Profile: South Sudan rebel leader Riek Machar
Former vice president was sacked by President Kiir in July and was later accused of orchestrating a coup attempt.
Riek Machar became the first vice president of South Sudan following its independence from Sudan in July 2011.
In July 2013, he was sacked by President Salva Kiir in a cabinet purge following a public struggle for power.
At the time of his sacking Machar said he would challenge Kiir for the leadership of the ruling party so that he could run for president in the 2015 election.
He was later accused by Kiir of masterminding a failed coup d’état on December 16, a claim that he denied.
“It was not a coup.

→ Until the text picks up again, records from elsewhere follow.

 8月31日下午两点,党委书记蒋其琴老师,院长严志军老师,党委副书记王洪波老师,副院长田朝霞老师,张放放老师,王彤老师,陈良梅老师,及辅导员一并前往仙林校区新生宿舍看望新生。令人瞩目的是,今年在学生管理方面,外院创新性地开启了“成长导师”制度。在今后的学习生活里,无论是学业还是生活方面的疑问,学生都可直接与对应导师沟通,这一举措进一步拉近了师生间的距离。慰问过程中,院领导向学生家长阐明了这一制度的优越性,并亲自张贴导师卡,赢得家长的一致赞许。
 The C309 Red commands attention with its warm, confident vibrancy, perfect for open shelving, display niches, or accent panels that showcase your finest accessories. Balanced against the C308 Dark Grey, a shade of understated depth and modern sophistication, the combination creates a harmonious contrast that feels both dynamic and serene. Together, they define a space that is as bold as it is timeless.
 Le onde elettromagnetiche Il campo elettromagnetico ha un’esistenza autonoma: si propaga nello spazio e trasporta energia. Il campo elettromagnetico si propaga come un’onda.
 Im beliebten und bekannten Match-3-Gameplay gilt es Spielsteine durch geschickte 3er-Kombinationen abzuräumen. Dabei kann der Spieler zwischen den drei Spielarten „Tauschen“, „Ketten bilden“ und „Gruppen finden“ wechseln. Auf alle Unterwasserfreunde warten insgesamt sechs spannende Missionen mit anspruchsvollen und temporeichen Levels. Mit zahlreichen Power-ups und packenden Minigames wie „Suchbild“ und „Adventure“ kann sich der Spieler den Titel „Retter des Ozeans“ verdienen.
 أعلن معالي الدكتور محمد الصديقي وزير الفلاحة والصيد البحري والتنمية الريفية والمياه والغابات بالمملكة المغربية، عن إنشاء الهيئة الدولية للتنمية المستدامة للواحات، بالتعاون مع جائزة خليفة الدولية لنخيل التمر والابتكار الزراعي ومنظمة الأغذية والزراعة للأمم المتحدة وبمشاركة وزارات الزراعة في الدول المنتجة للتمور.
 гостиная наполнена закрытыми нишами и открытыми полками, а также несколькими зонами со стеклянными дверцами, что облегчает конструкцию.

Nobody wants that,” he told Al Jazeera, claiming that he was “used as a scapegoat” by Kiir to purge the ruling SPLM party of rivals to avoid reforming it.

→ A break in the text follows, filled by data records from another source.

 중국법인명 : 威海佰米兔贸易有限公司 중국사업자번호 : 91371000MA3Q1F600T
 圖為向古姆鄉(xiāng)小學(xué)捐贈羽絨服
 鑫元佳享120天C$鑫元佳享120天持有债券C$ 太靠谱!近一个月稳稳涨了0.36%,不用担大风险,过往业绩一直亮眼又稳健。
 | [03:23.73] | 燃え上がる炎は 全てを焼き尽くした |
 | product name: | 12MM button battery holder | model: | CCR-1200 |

Machar has since retreated into the bush and acknowledged he is leading rebel fighters. South Sudan’s government says he is directing rebels in Jonglei, Malakal and Unity states from his hiding position.

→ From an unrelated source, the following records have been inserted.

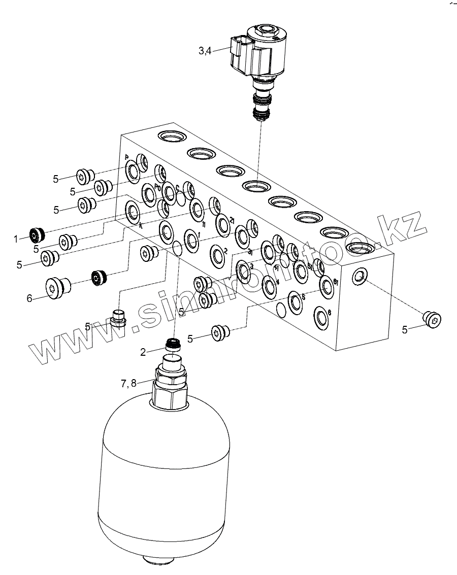 Каталог запасных частей к технике: Zoomlion RT-55. PILOT-OPERATED CONTROL VALVE BLOCK D1010303710_101227Y
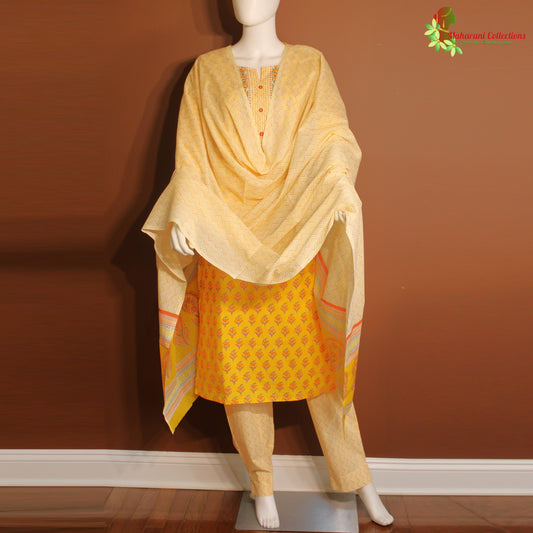 Maharani's Pure Cotton Palazzo Suit Set - Yellow (L)
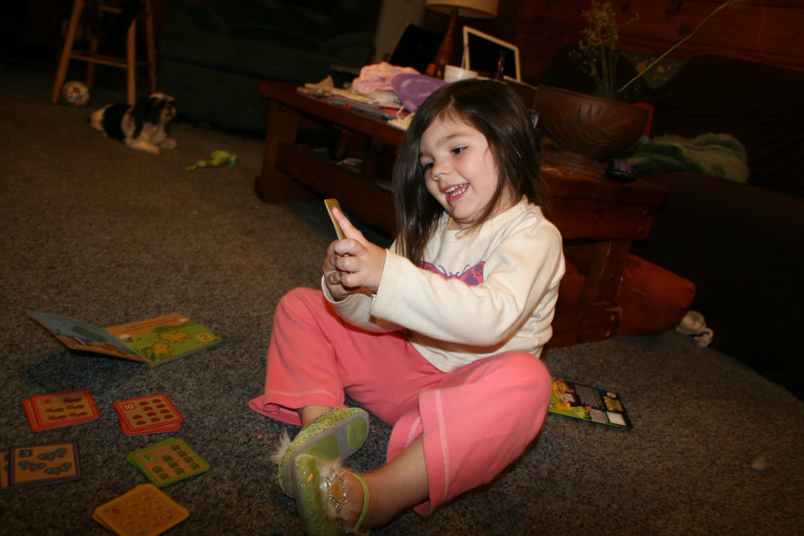 have been life savers on many occasions. Especially when we were trying to help set up Franklin Goose. They both come in sturdy boxes with handles. They are durable and sturdy, so perfect for rough preschoolers. Ella has pretty much mastered the ABC floor puzzle and it takes her about 20-30 minutes to put it together. Which is perfect while I’m working! The numbers in nature book and game set also keep her occupied for a half hour. She matches the cards to the book and then turns the cards upside down to play the matching game.

Machar hails from the Nuer tribe, which bitterly fought the country’s majority Dinka tribe, which Kiir belongs to, in the early 1990s during Sudan’s civil war.
Fighting for independence
From 1984, Machar was a rebel leader in the Sudan People’s Liberation Army/Movement (SPLM/A), which spearheaded the war for South Sudan’s independence from the north.
The movement was led by the late John Garang, who was respected by both northerners and southerners for his vision for a “new Sudan” – a Sudan that was united, secular and with equal rights for all.
In contrast, Machar was always calling for self-determination for the south. After falling out with Garang in 1991, he split from the SPLM/A and formed his own splinter group, SPLA-Nasir.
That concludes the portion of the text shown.